══ RECORDS FOR THE EXERCISE

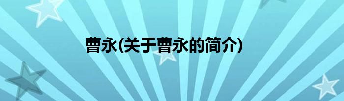本文关于曹永的简介就讲解完毕,希望对大家有所帮助。
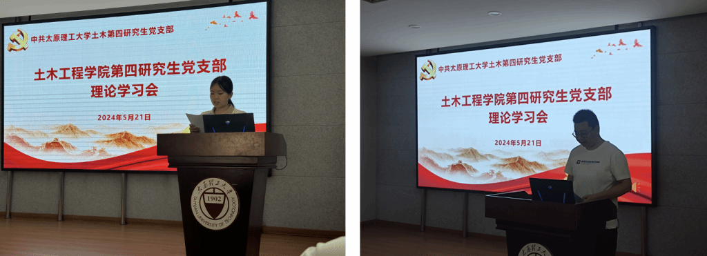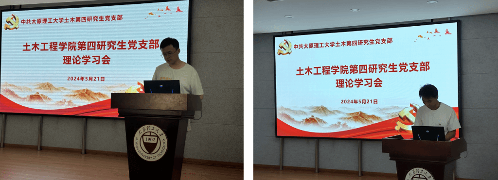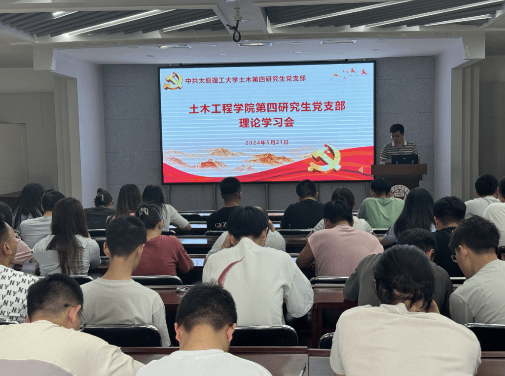 2024年5月21日下午,土木第四研究生党支部在公司五层会议室召开党纪学习教育专题学习会,深入学习宣传贯彻习近平总书记五四青年节对全国广大青年寄语精神,并认真学习贯彻习近平总书记关于党纪学习教育的重要讲话精神和重要指示精神,组织学习新修订的《中国共产党纪律处分条例》。会议由宣传委员王浩宇主持,支部书记邱斌、支部组织委员李赟及土木第四研究生党支部全体党员参加。
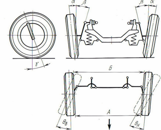 Для того чтобы уменьшить сопротивление движению, а значит и расход топлива, снизить изнашивание шин и подвески, путем снижения действующих на них динамических нагрузок, управляемые колеса должны катиться в вертикальных плоскостях, параллельных продольной оси автомобиля. Важным фактором повышения устойчивости автомобиля является стабилизация управляемых колес, т. е. стремление их вернуться после поворота в положение, соответствующее прямолинейному движению автомобиля. С учетом перечисленных факторов колеса автомобилей устанавливаются с углами схождения, развала, продольного и поперечного наклона оси, с разностью внутреннего и наружного углов поворота управляемых колес.
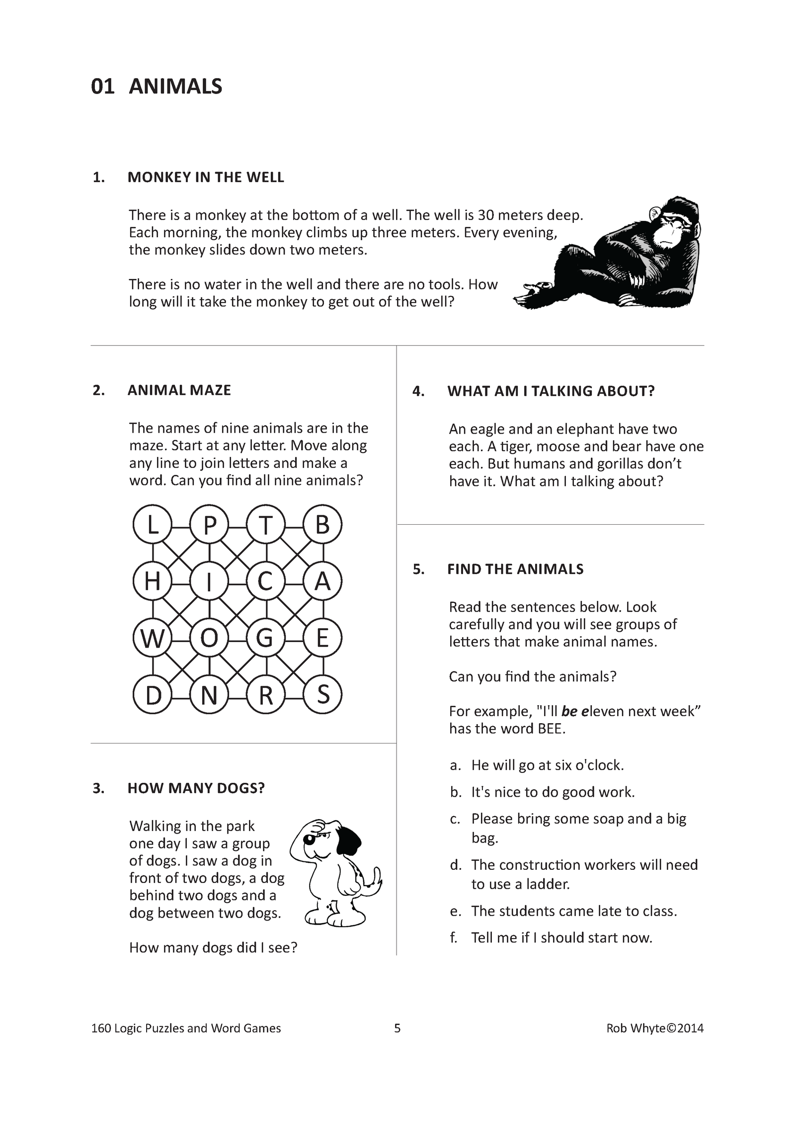 Logic puzzles and word games are a great way to focus student attention on reading comprehension and problem solving. Most puzzles range from easy to challenging with a couple of tough ones for the smart kids.
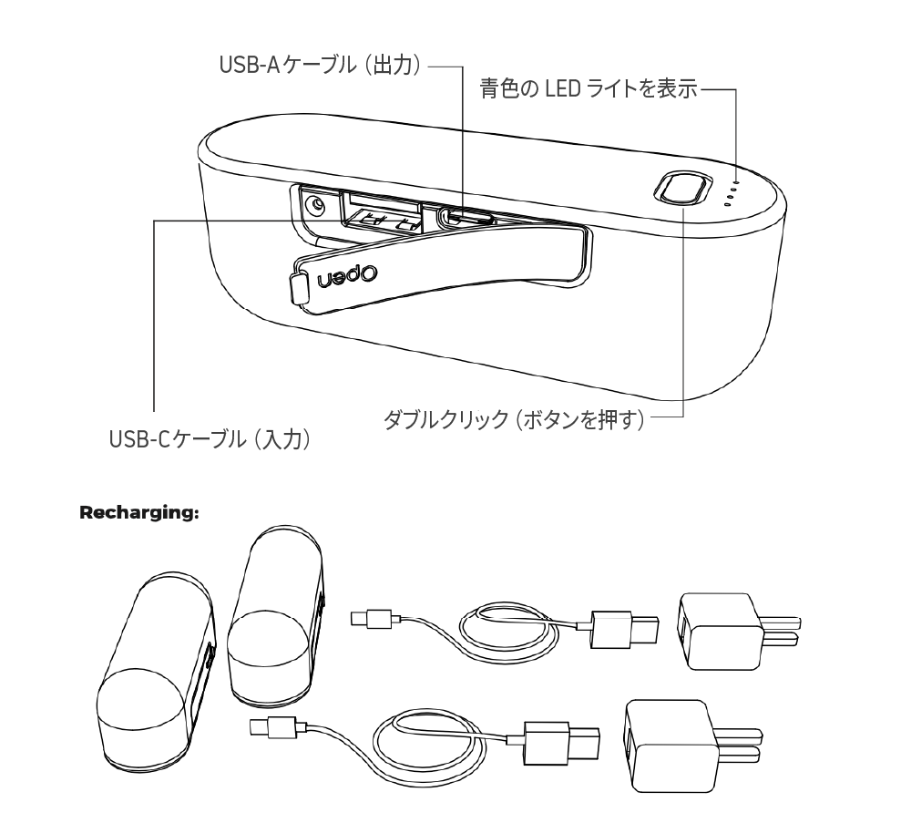 ・充電ケーブルと5V2A USB 充電器を使用することをお勧めします。

════

## WORK INSTRUCTION:
All pictures are to be skipped; the lines from the first line of the records through the line containing "2024年5月21日下午,土" are to be repeated exactly, both ends included.

## ANSWER TO THIS EXERCISE:
本文关于曹永的简介就讲解完毕,希望对大家有所帮助。
 2024年5月21日下午,土木第四研究生党支部在公司五层会议室召开党纪学习教育专题学习会,深入学习宣传贯彻习近平总书记五四青年节对全国广大青年寄语精神,并认真学习贯彻习近平总书记关于党纪学习教育的重要讲话精神和重要指示精神,组织学习新修订的《中国共产党纪律处分条例》。会议由宣传委员王浩宇主持,支部书记邱斌、支部组织委员李赟及土木第四研究生党支部全体党员参加。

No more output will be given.